In fact, after this, I thought up a little scenario that I wish would have happened at the beginning of Prisoner of Azkaban instead of what did happen, in which Vernon Dursley shows up at a mental institution attempting to get “help” for his “poor nephew” who thinks he’s a wizard.  Some things I envisioned: 1. The psychologist examining Harry’s wand and trying to determine why Harry developed such an attachment to it.  2. The psychologist reading Harry’s essay on the futility of medieval witch burning and admiring Harry’s imagination.  3. Harry attempting to pretend he doesn’t really think he’s a wizard at all, but then slipping up. (“No, wait! You can’t take that!  That’s my homework!”  “Oh, so now you’re saying you do go to wizarding school.”)  4. On the way to his padded cell, Harry escapes (with the use of magic), and then has to run from both the wizarding and muggle police just as he did after blowing up his “aunt” in the actual book.  I don’t read or write fan fiction, so don’t expect to ever see a full version of this, but this idea did make me very happy.

But it also made think just a bit.  If you’re writing a story where the unbelievable is happening, and only some people know about it, how do get your characters who are “in on” the fantasy elements of the story to convince the other characters it’s true?  If they want to confide in somebody, and of course they do, then what will it take to convince their friends not to start calling the psychologists on their behalf?

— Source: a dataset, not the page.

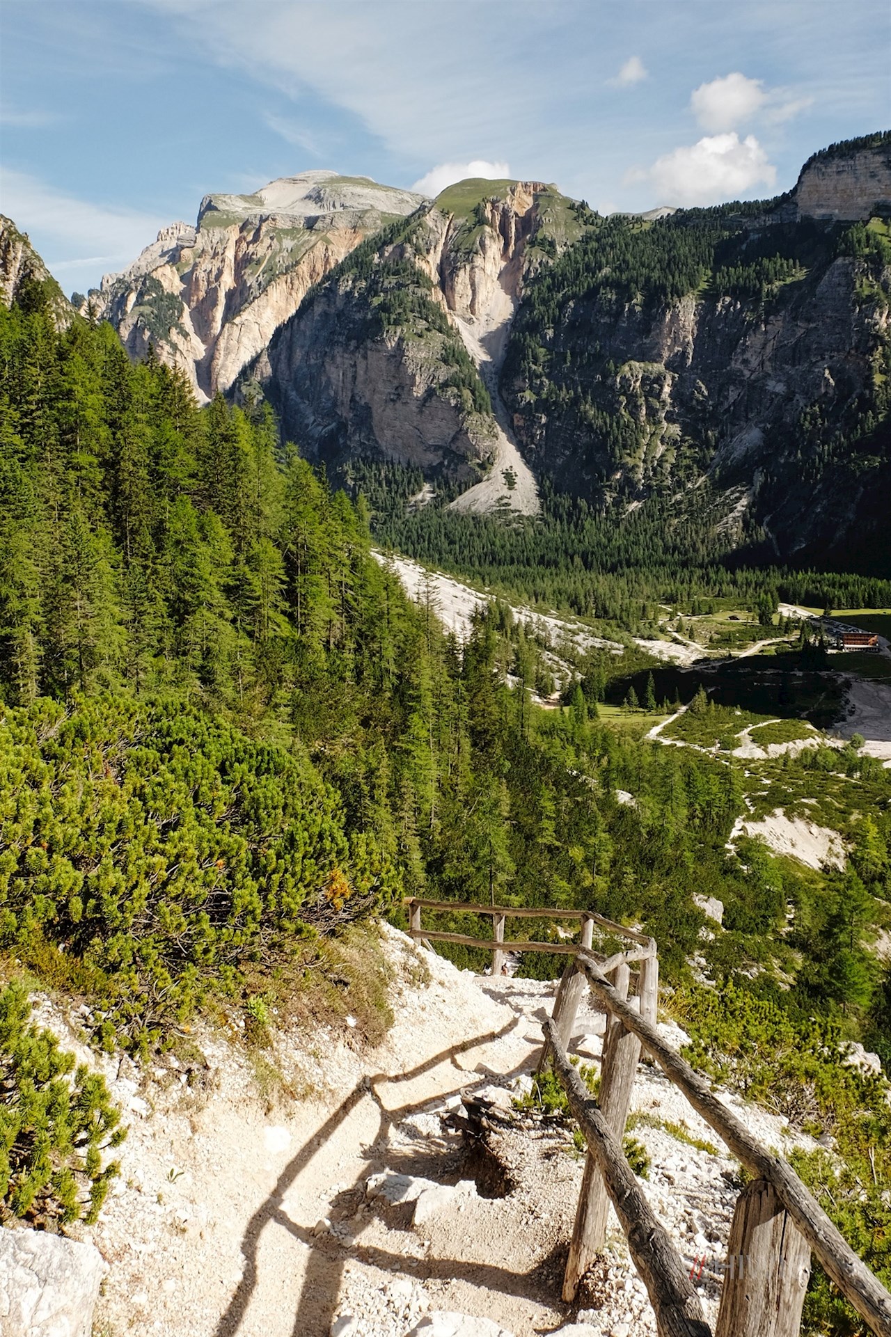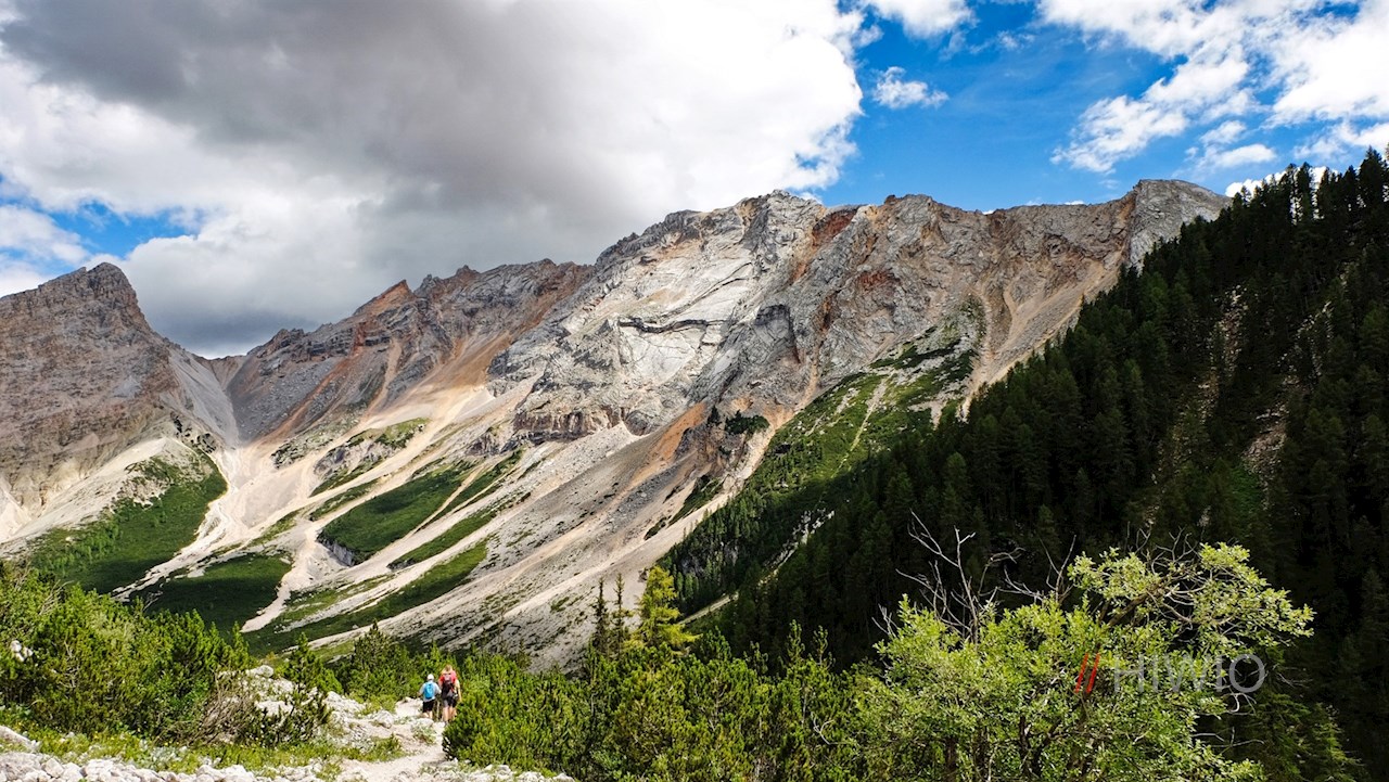 Seguendo il sentiero numero 7 in direzione di Fanes, si può salire verso il fondovalle su un ampio sentiero di ghiaia a serpentina oppure su un sentiero che si dirama a destra e che all'inizio è piuttosto ripido.

Unfortuantely, I don’t think I have an answer to this one, since I think it’s probably different for every character.  So help me out with this.  What would it take for you personally to believe that something “impossible” was happening?  That the aliens had landed… or fairies existed and were hiding out in the woods… or there was a doorway to Middle-earth in the cupboard under the sink….  Is there any circumstance in which you would believe it (or consider believing it) before you actually saw it, and if so, what?